**AIM OF THE TASK**
Pictures stay out of your copy, but everything else in the records below must be repeated exactly.

──────

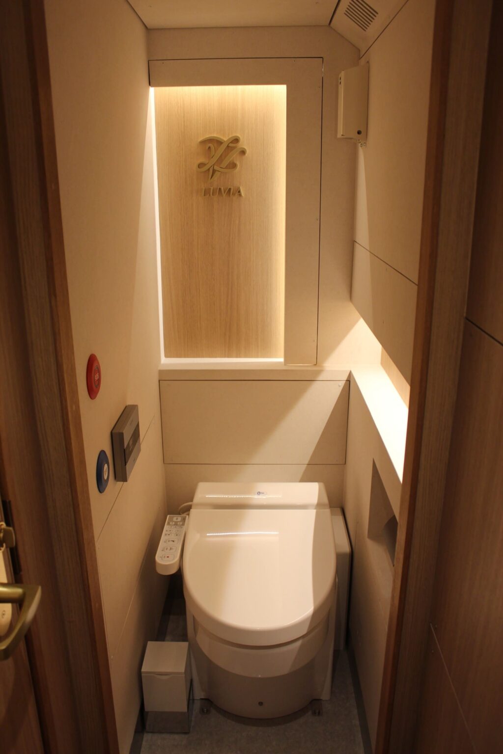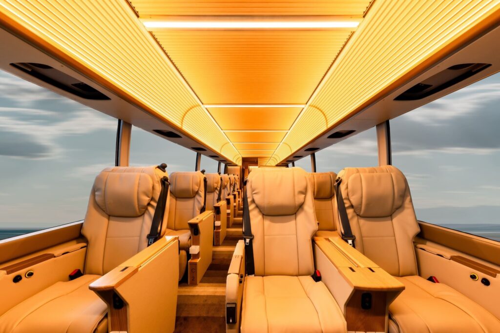 車内は一席あたりのスペースにゆとりを持たせた計18席のみ(シート間隔1,050mm)。
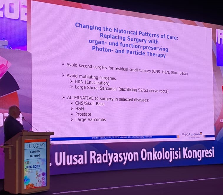 RADYASYON Onkolojisi alanında dünyanın en başarılı isimleri arasında sayılan Avusturya MedAustron İyon Terapi Merkezi Genel Direktörü Prof. Dr. Eugen Hug, yüksek enerjili proton parçacıklarıyla sağlıklı dokulara neredeyse hiç dokunmadan, direkt tümörü yok eden “proton terapi”nin, tıbbın çaresiz kaldığı en zor bölgedeki tümörlerde dahi hayat kurtardığını ve özellikle çocuk hastalarda çok başarılı sonuçlar verdiğini söyledi.Prof. Dr. Gökhan Özyiğit ise Türkiye’de de bir an önce bir proton terapi merkezi kurulması gerektiğini kaydederek “Örneğin melanoma dediğimiz cilt tümörlerinde hem tümörün kendisi, hem de yayıldığı yerleri ışınlayarak biyolojik ajanları da tedaviye eklediğimizde, hastada tam iyileşmeye ulaşabiliyoruz. 10 yıl önce bunu hayal bile edemezdik” dedi.
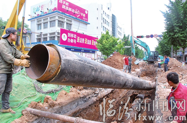 临汾新闻网讯 为改善民生、推进城市建设,翼城县委、县政府实施了集中供热项目。目前,项目建设如火如荼,城区绛源路、八一路、翔翼大街、三中路、唐霸大道和南环路6条道路同时开挖敷设。图为7月5日,在翼城县红旗街和绛源路交叉口,工人们正在安装供热管网。
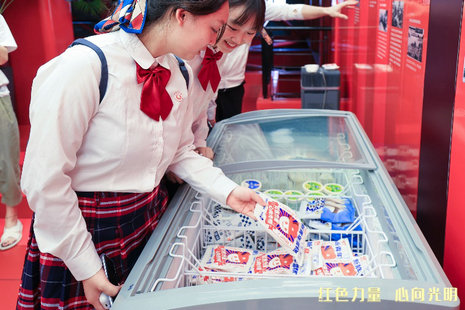 精神是光明人的底座,精神是光明人的基因,精神是光明人的航灯。光明品牌诞生于新中国成立之初,带着与生俱来的红色基因,光明冷饮已成为中国历史上最为悠久的民族冷饮品牌,承载着一代又一代人的红色记忆,与新中国一起成长壮大,也是很多人记忆里童年夏天的甜蜜回忆。现场的91吃瓜 员工子女小宋同学告诉记者:“我妈妈就是在益民食品一厂上班,我爱吃光明冷饮,长大了我也要到光明上班!”。吃到首批“新青年雪糕”红色文创产品的青年建设者和志愿者也纷纷表示:“还是亲切的娃娃造型,但这一次吃完感觉到满满的青春力量!”
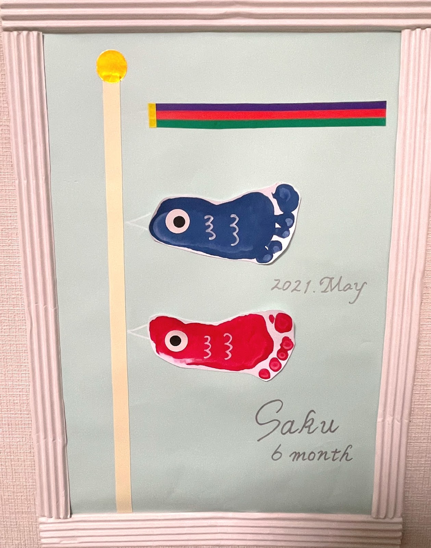PC作業台の目の前に「子どもの絵」が飾ってあります。子どもの足型になっている“鯉登り”がとても愛らしい作品です。誰でも落ち込むことはあると思いますが、そういう時に僕はこれを見て“原動力”に変えています。

──────

**RESPONSE FOR THIS EXERCISE**
 車内は一席あたりのスペースにゆとりを持たせた計18席のみ(シート間隔1,050mm)。
 RADYASYON Onkolojisi alanında dünyanın en başarılı isimleri arasında sayılan Avusturya MedAustron İyon Terapi Merkezi Genel Direktörü Prof. Dr. Eugen Hug, yüksek enerjili proton parçacıklarıyla sağlıklı dokulara neredeyse hiç dokunmadan, direkt tümörü yok eden “proton terapi”nin, tıbbın çaresiz kaldığı en zor bölgedeki tümörlerde dahi hayat kurtardığını ve özellikle çocuk hastalarda çok başarılı sonuçlar verdiğini söyledi.Prof. Dr. Gökhan Özyiğit ise Türkiye’de de bir an önce bir proton terapi merkezi kurulması gerektiğini kaydederek “Örneğin melanoma dediğimiz cilt tümörlerinde hem tümörün kendisi, hem de yayıldığı yerleri ışınlayarak biyolojik ajanları da tedaviye eklediğimizde, hastada tam iyileşmeye ulaşabiliyoruz. 10 yıl önce bunu hayal bile edemezdik” dedi.
 临汾新闻网讯 为改善民生、推进城市建设,翼城县委、县政府实施了集中供热项目。目前,项目建设如火如荼,城区绛源路、八一路、翔翼大街、三中路、唐霸大道和南环路6条道路同时开挖敷设。图为7月5日,在翼城县红旗街和绛源路交叉口,工人们正在安装供热管网。
 精神是光明人的底座,精神是光明人的基因,精神是光明人的航灯。光明品牌诞生于新中国成立之初,带着与生俱来的红色基因,光明冷饮已成为中国历史上最为悠久的民族冷饮品牌,承载着一代又一代人的红色记忆,与新中国一起成长壮大,也是很多人记忆里童年夏天的甜蜜回忆。现场的91吃瓜 员工子女小宋同学告诉记者:“我妈妈就是在益民食品一厂上班,我爱吃光明冷饮,长大了我也要到光明上班!”。吃到首批“新青年雪糕”红色文创产品的青年建设者和志愿者也纷纷表示:“还是亲切的娃娃造型,但这一次吃完感觉到满满的青春力量!”
PC作業台の目の前に「子どもの絵」が飾ってあります。子どもの足型になっている“鯉登り”がとても愛らしい作品です。誰でも落ち込むことはあると思いますが、そういう時に僕はこれを見て“原動力”に変えています。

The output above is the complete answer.